INFORMATION PROVIDED below:
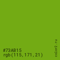 Цвет #73AB15 в цветовой модели RGB обозначается тремя октетами (115, 171, 21) в десятичном формате и #73AB15 в шестнадцатиричном (hex) формате, которые являются интенсивностью красного 115 (hex 73), интенсивность зелёного 171 (hex AB) и интенсивность синего 21 (hex 15).
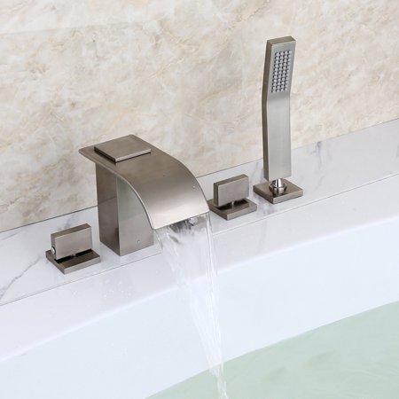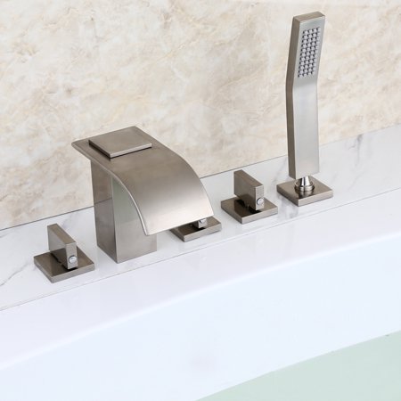 Wowkk waterfall roman tub faucets deck mount brushed nickel bathtub faucets brass tub filler bathroom faucets with hand shower. The double handle deck mounted roman tub faucet trim is the ultramodern choice in bathtub fixture designs. Faucet features a square base and carries those sleek lines throughout the arc of the faucet. Liked the roman tub faucet but the brushed nickel finish is different than the vanity faucet finish. In the event that you want for still bathroom faucets, at that point pull down is the best approach and, really, the best way to go!
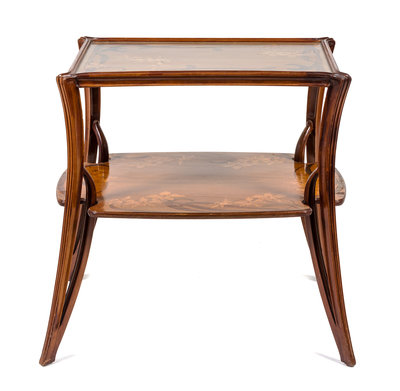 the rectangular, foliate decorated top raised on channel molded, splayed legs joined by a similarly decorated, shaped medial shelf, the top signed L Majorelle.
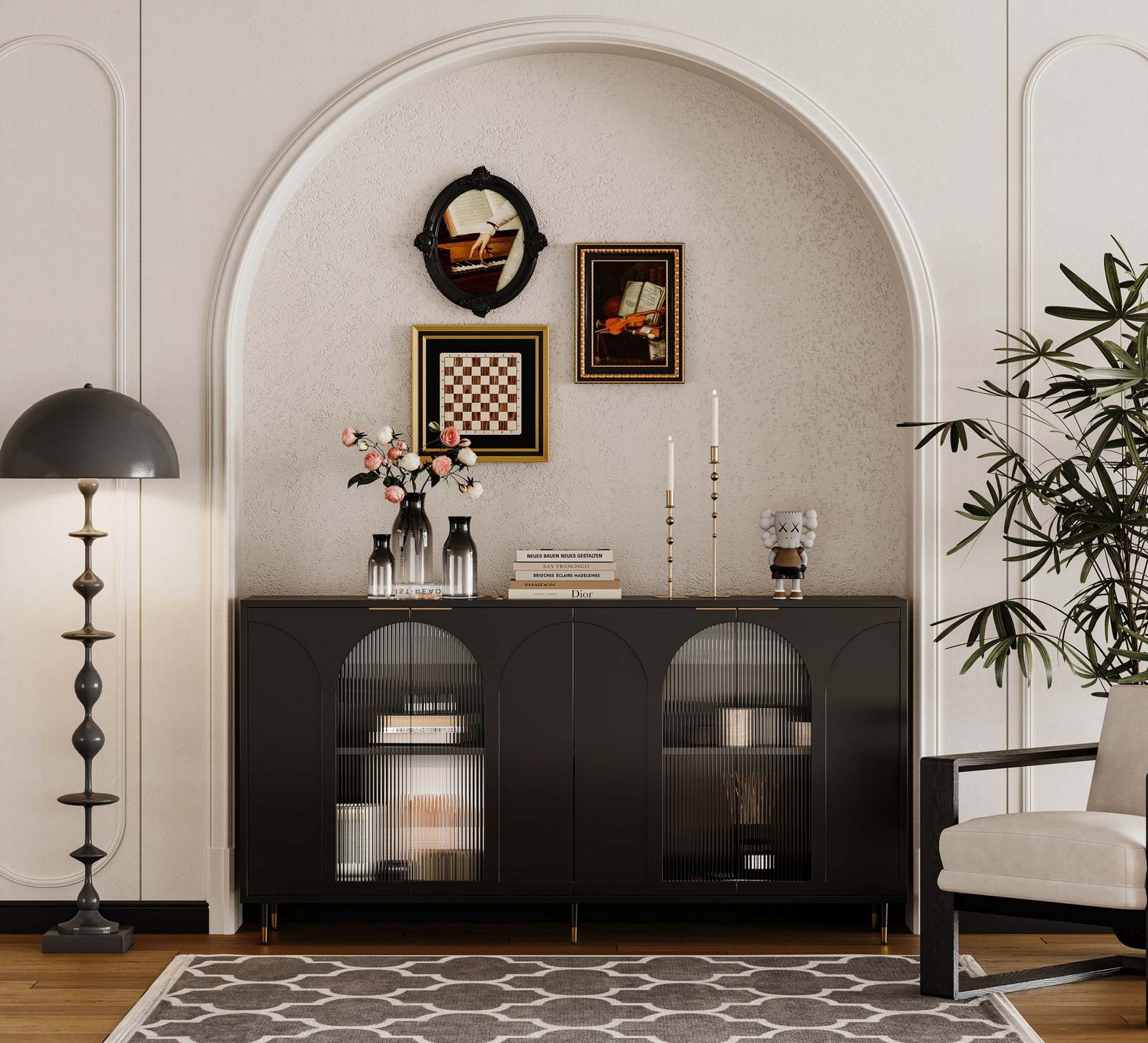 This cabinet is designed with minimalist style along with a stable structure to make a unique statement, which provides powerful practicality rather than a household adornment. With plenty of space to offer, utilize the casual four-door cabinet featuring two-tier storage to minimize clutter while keeping select essentials within easy reach, or display your favorite decor on the spacious upper counter.
End of INFORMATION PROVIDED.
> **YOUR INSTRUCTIONS**: Transcribe all the lines above exactly, apart from the pictures.

> **SOLUTION TO THE PROBLEM**:
 Цвет #73AB15 в цветовой модели RGB обозначается тремя октетами (115, 171, 21) в десятичном формате и #73AB15 в шестнадцатиричном (hex) формате, которые являются интенсивностью красного 115 (hex 73), интенсивность зелёного 171 (hex AB) и интенсивность синего 21 (hex 15).
 Wowkk waterfall roman tub faucets deck mount brushed nickel bathtub faucets brass tub filler bathroom faucets with hand shower. The double handle deck mounted roman tub faucet trim is the ultramodern choice in bathtub fixture designs. Faucet features a square base and carries those sleek lines throughout the arc of the faucet. Liked the roman tub faucet but the brushed nickel finish is different than the vanity faucet finish. In the event that you want for still bathroom faucets, at that point pull down is the best approach and, really, the best way to go!
 the rectangular, foliate decorated top raised on channel molded, splayed legs joined by a similarly decorated, shaped medial shelf, the top signed L Majorelle.
 This cabinet is designed with minimalist style along with a stable structure to make a unique statement, which provides powerful practicality rather than a household adornment. With plenty of space to offer, utilize the casual four-door cabinet featuring two-tier storage to minimize clutter while keeping select essentials within easy reach, or display your favorite decor on the spacious upper counter.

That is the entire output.